▶ **What you should do**: Lines from the one containing "Government College University Faisalabad Admission" through the last line of the data are to be returned exactly, both ends included, minus any pictures.

▶ **Supplied data**:
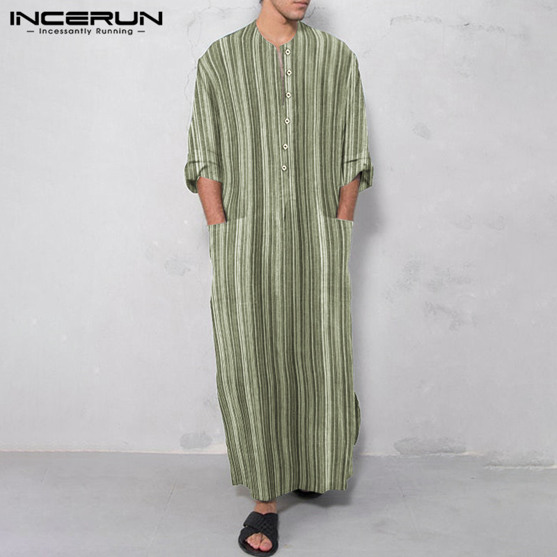 INCERUN Men Muslim Islamic Arabic Kaftan Striped Vintage Button Pockets Long Sleeve Cotton Jubba Thobe Dubai Middle East Abaya
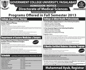 Government College University Faisalabad Admission Notice 2013 Government College University Faisalabad GCU Admission Notice 2013 for Doctor of Physical Therapy (DPT) , Bachelor of Eastern Medicine & Surgery (BEMS) , B.Sc. (Hons) Operation Theatre Technology , B.Sc. (Hons) Medical Laboratory Technology , B.Sc. (Hons) Radiography and Imaging Technology and Diabetes Education Program.
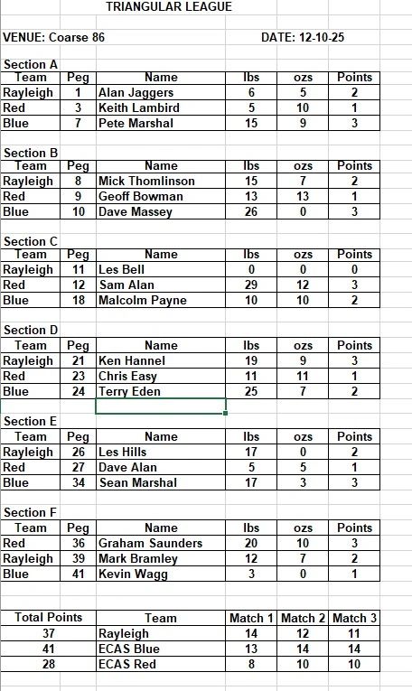 Final match in Tri-series League, ECAS Blue team won on the day and the Series, Well done to all that fished.

▶ **Exercise answer**:
 Government College University Faisalabad Admission Notice 2013 Government College University Faisalabad GCU Admission Notice 2013 for Doctor of Physical Therapy (DPT) , Bachelor of Eastern Medicine & Surgery (BEMS) , B.Sc. (Hons) Operation Theatre Technology , B.Sc. (Hons) Medical Laboratory Technology , B.Sc. (Hons) Radiography and Imaging Technology and Diabetes Education Program.
 Final match in Tri-series League, ECAS Blue team won on the day and the Series, Well done to all that fished.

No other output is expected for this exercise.